She went between two fancy-dressed men to look where the crowd was looking.

“So help me, I’ll shoot.”

The people around her murmured in excitement. They were crowded around the head of the stairs. A woman blocked Paula’s way, bare white shoulders above a low white dress. She went by to the carpeted steps.

Three steps led down to the restaurant. The tables near the bar had been shoved up against the wall, the white linen rucked up, and the crystal knocked over. On the far side of the room, a young man, a Martian, was standing on a chair, a gun in his hand.

“Don’t come near me—”

The gun was aimed at the four Styths ranged along the bar to Paula’s left. The Akellar was among them. In his own language, he said, “Somebody has to get behind him and distract him. Sril—”

“Any of you come near me,” the man with the gun cried, “I’ll kill you.” He was very young, no more than twenty, and his face glistened with sweat.

The crowd shifted around Paula. More people were coming down into the lobby to watch. Crowded, she went down the two steps to the level of the restaurant. Plaintive, a woman behind her said, “I can’t see.”

The Styths were moving. Sril went across the restaurant, through the scattered tables, and the others spread out between him and the Akellar like a cordon. The young man on the chair followed them with his gun, pointing it now at one and now at another.
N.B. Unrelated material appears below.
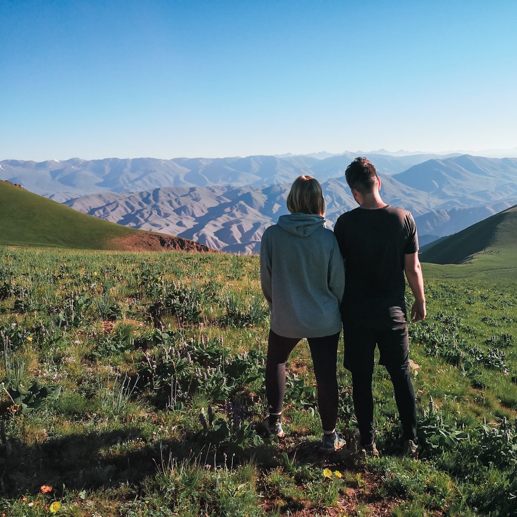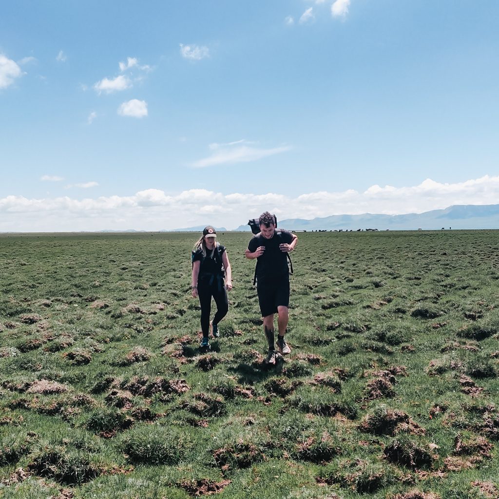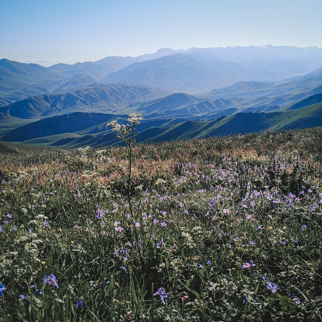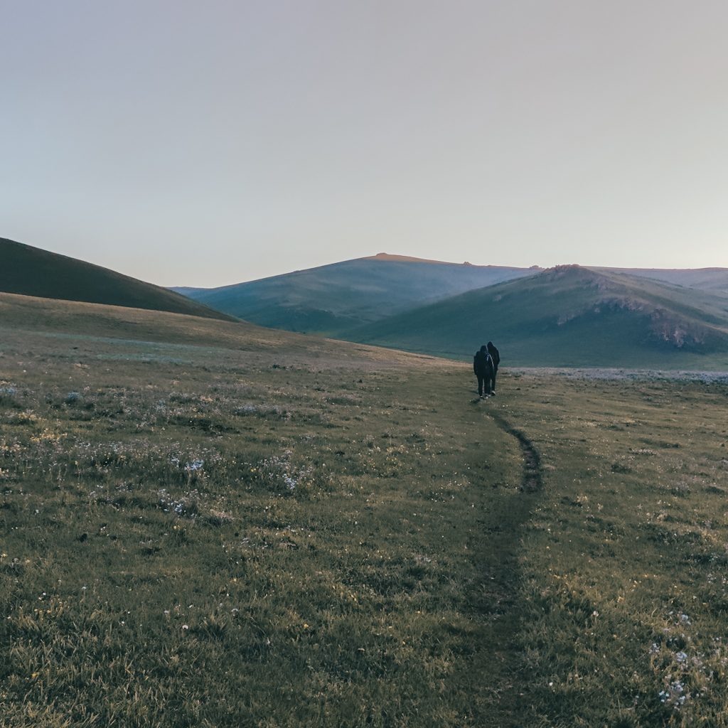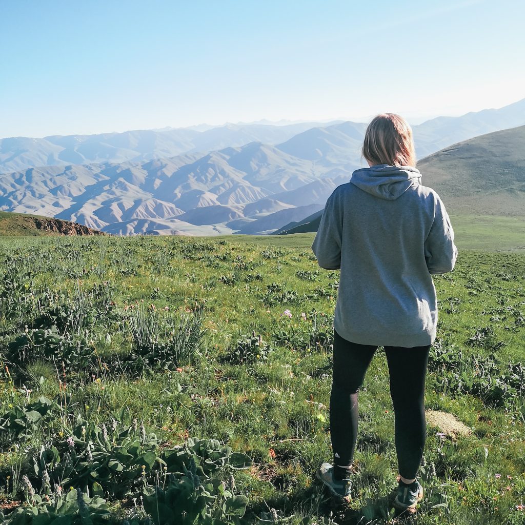 Der Tau liegt noch auf den Wiesen, die Sonne hat es noch nicht über den Berg geschafft. Wir nehmen den Trampelpfad direkt über der Jurte. Es geht bergauf und schnell wird uns warm. Am höchsten Punkt des Weges machen wir noch einen kurzen Abstecher auf den nächsten Hügel. Von dort erhoffen wir uns einen schönen Ausblick.

He was too frightened to shoot.

“This I have to see,” a man in the crowd murmured. “They’ll hash the poor kid.” Paula licked her lips. She went down the steps into a miasma of coppery Styth temper. The big Styth with the scar on his cheek stood in front of her, his back to her. She passed him, and he jumped.

“Akellar.”

The man with the gun had seen her. He jerked around. His foot slipped on the chair seat and he caught at the back to hold himself still. The gun was shaking, aimed at her. She walked slowly toward him, her eyes fixed on his face. The art was to keep moving. If she stopped to talk it would be hard to start toward him again. “Paula,” the Akellar said, and she waved at him to be quiet.

“Stop right there,” the young man cried.

“I’m from the Committee,” she said. She was only five feet from him. His mouth opened, red and wet, and his eyes shifted past her toward his audience. In the silence she heard someone behind her smother a cough.

“Don’t come any closer—”

“You’ll be a real hero, won’t you, if you shoot an unarmed woman?”

He shifted the gun to one side, to aim past her at the Styths, and she moved to stay in front of it. She reached out her hand for it, her eyes on his face. “Give me the gun,” she said, almost whispering, so that no one else could hear her. “You are interfering in a Committee negotiation, and you’re making me angry.” She took hold of the gun behind the wide bell-shaped muzzle. He pulled back, and she let go.

“I’m not going anywhere.”

“Oh, yes, you are. If you stay here, the police will be here, with gas and spray and probably dogs.”

She took hold of the weapon again. He was shaking so hard she was afraid the gun would go off by accident. He swallowed, his gaze fixed on hers, and let go of the gun.

With it in her hand, she sighed, relaxing, and felt the quiver in her knees. She looked around them. In the back of the dark restaurant, past Sril, a red sign shone marking the exit. She said, “Come on,” and took him by the arm and led him on a crooked course through the tables.

“Where do you live?” she said. They passed tables left in the middle of the meal and reached the door under the red light.

“Barsoom. I only came for the—” His face was deeply lined, like a wax mask. “You’re really from the Committee?”

“I’ll send you a bill.” She pulled open the door and let him go out ahead of her. The crowd was streaming back into the restaurant. The Akellar watched her over their heads. She went after the young man along the concrete walk toward the front of the hotel. His gun was in her hand. She held it carefully, afraid of setting it off. They went up a flight of steps. At the top was the curved parking apron at the main entrance.

“There. I’ll get you a cab.”

They went along the walk past the lobby. He said, “I could have taken them.”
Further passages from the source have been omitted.